EXERCISE GOAL:
Make an exact copy of the entries below, with all images left out.

[[ INFORMATION SUPPLIED open ]]

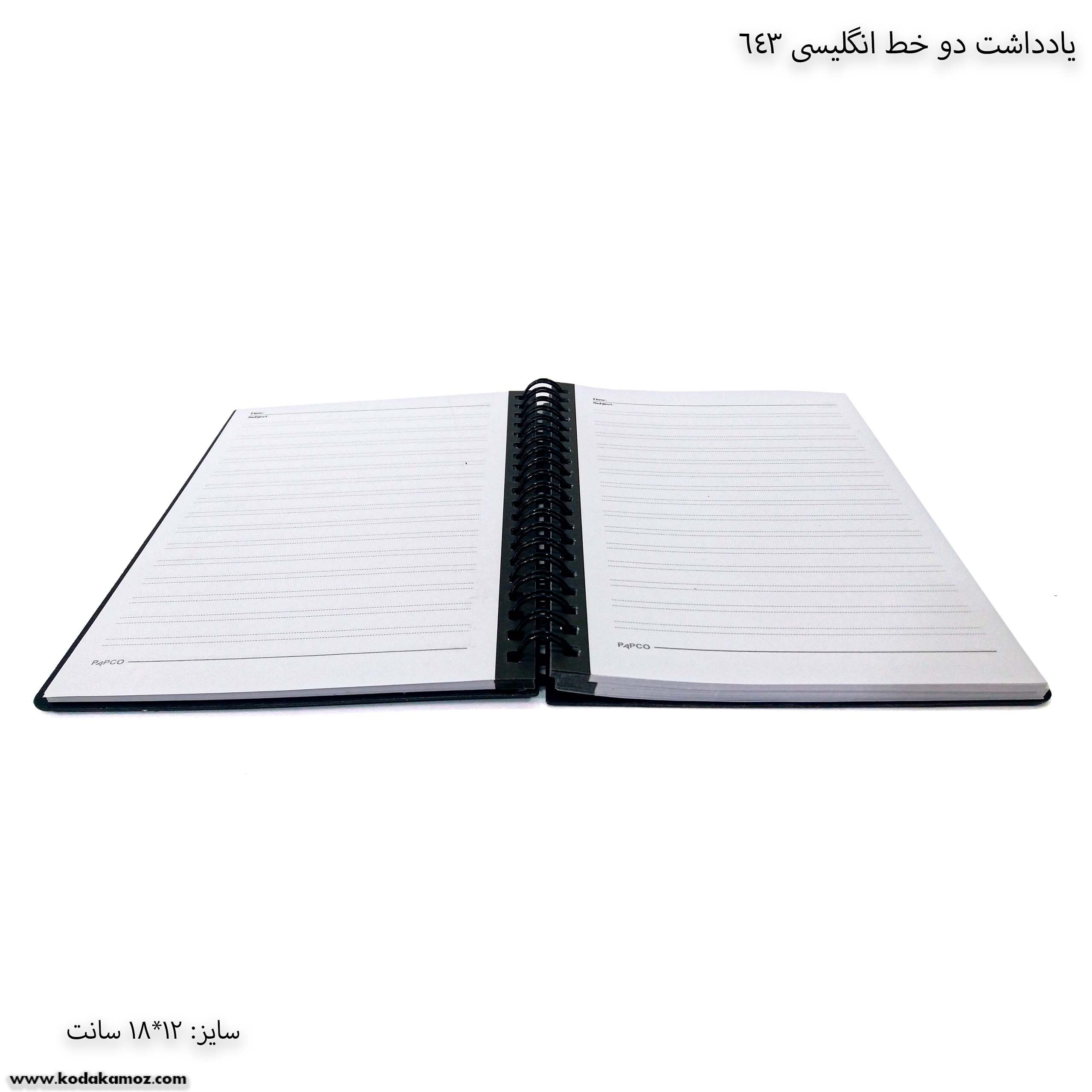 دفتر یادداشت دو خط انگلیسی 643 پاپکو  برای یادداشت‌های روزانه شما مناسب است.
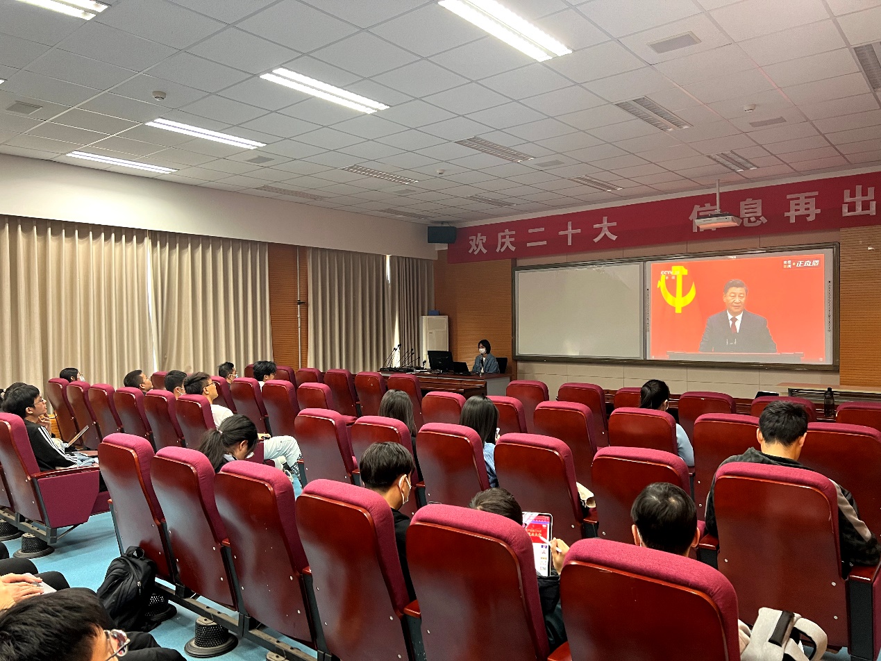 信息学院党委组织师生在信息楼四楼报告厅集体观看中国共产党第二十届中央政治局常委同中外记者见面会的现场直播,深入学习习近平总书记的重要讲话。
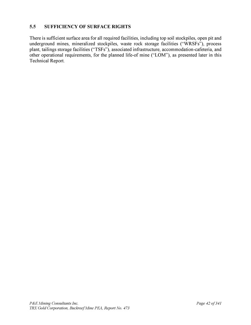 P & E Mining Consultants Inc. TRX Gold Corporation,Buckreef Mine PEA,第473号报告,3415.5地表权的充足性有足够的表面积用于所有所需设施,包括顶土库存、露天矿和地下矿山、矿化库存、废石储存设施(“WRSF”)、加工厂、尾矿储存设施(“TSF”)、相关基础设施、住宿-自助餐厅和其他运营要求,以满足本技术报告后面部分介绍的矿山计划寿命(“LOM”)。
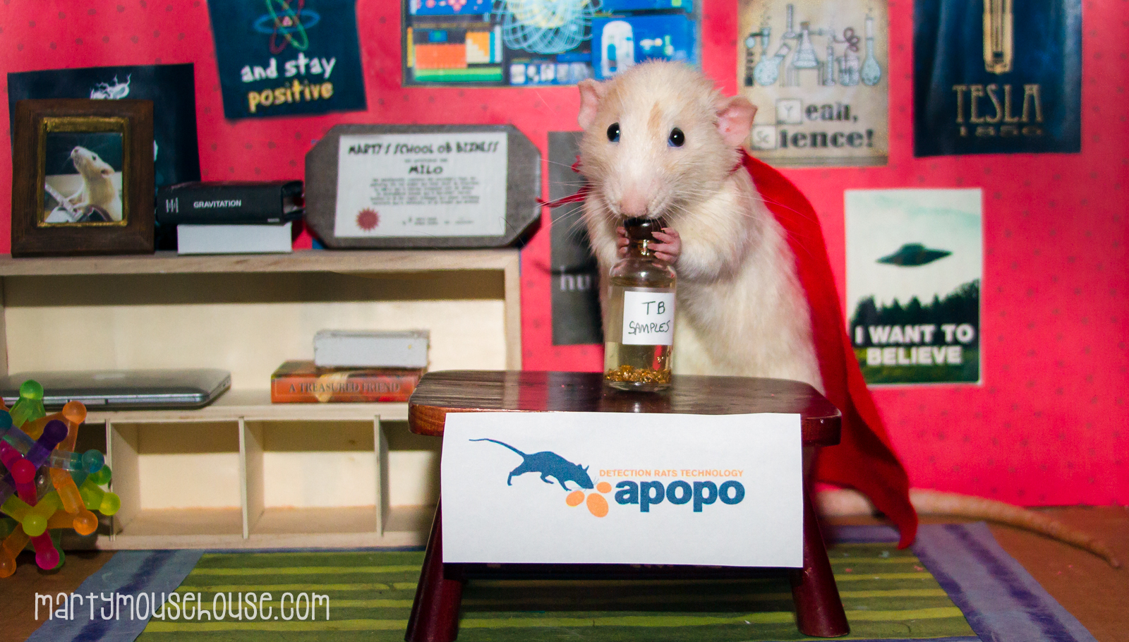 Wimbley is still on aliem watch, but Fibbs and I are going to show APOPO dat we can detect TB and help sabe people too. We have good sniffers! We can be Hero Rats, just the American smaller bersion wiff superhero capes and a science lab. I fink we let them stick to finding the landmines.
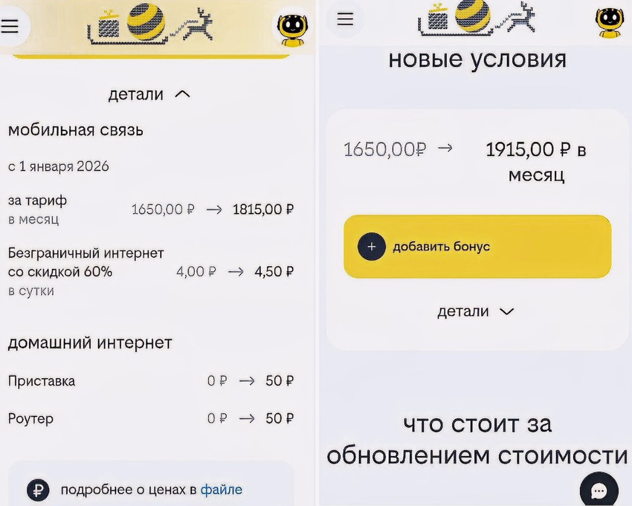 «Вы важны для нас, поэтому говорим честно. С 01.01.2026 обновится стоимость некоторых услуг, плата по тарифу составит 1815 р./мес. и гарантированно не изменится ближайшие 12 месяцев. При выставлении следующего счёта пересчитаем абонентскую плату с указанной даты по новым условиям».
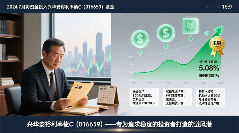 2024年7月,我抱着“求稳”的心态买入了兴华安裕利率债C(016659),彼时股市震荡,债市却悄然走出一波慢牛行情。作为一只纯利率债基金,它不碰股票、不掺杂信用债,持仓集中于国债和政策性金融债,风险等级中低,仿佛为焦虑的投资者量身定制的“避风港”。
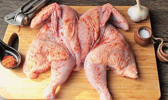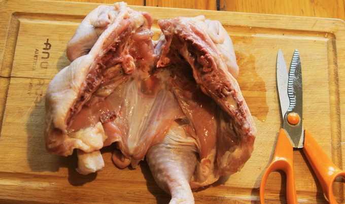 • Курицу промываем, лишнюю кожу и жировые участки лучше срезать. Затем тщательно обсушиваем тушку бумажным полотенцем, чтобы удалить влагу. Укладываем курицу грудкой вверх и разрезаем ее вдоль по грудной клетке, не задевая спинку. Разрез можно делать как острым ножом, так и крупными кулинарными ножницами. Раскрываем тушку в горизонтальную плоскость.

[[ INFORMATION SUPPLIED closed ]]

ANSWER SECTION:
 دفتر یادداشت دو خط انگلیسی 643 پاپکو  برای یادداشت‌های روزانه شما مناسب است.
 信息学院党委组织师生在信息楼四楼报告厅集体观看中国共产党第二十届中央政治局常委同中外记者见面会的现场直播,深入学习习近平总书记的重要讲话。
 P & E Mining Consultants Inc. TRX Gold Corporation,Buckreef Mine PEA,第473号报告,3415.5地表权的充足性有足够的表面积用于所有所需设施,包括顶土库存、露天矿和地下矿山、矿化库存、废石储存设施(“WRSF”)、加工厂、尾矿储存设施(“TSF”)、相关基础设施、住宿-自助餐厅和其他运营要求,以满足本技术报告后面部分介绍的矿山计划寿命(“LOM”)。
 Wimbley is still on aliem watch, but Fibbs and I are going to show APOPO dat we can detect TB and help sabe people too. We have good sniffers! We can be Hero Rats, just the American smaller bersion wiff superhero capes and a science lab. I fink we let them stick to finding the landmines.
 «Вы важны для нас, поэтому говорим честно. С 01.01.2026 обновится стоимость некоторых услуг, плата по тарифу составит 1815 р./мес. и гарантированно не изменится ближайшие 12 месяцев. При выставлении следующего счёта пересчитаем абонентскую плату с указанной даты по новым условиям».
 2024年7月,我抱着“求稳”的心态买入了兴华安裕利率债C(016659),彼时股市震荡,债市却悄然走出一波慢牛行情。作为一只纯利率债基金,它不碰股票、不掺杂信用债,持仓集中于国债和政策性金融债,风险等级中低,仿佛为焦虑的投资者量身定制的“避风港”。
 • Курицу промываем, лишнюю кожу и жировые участки лучше срезать. Затем тщательно обсушиваем тушку бумажным полотенцем, чтобы удалить влагу. Укладываем курицу грудкой вверх и разрезаем ее вдоль по грудной клетке, не задевая спинку. Разрез можно делать как острым ножом, так и крупными кулинарными ножницами. Раскрываем тушку в горизонтальную плоскость.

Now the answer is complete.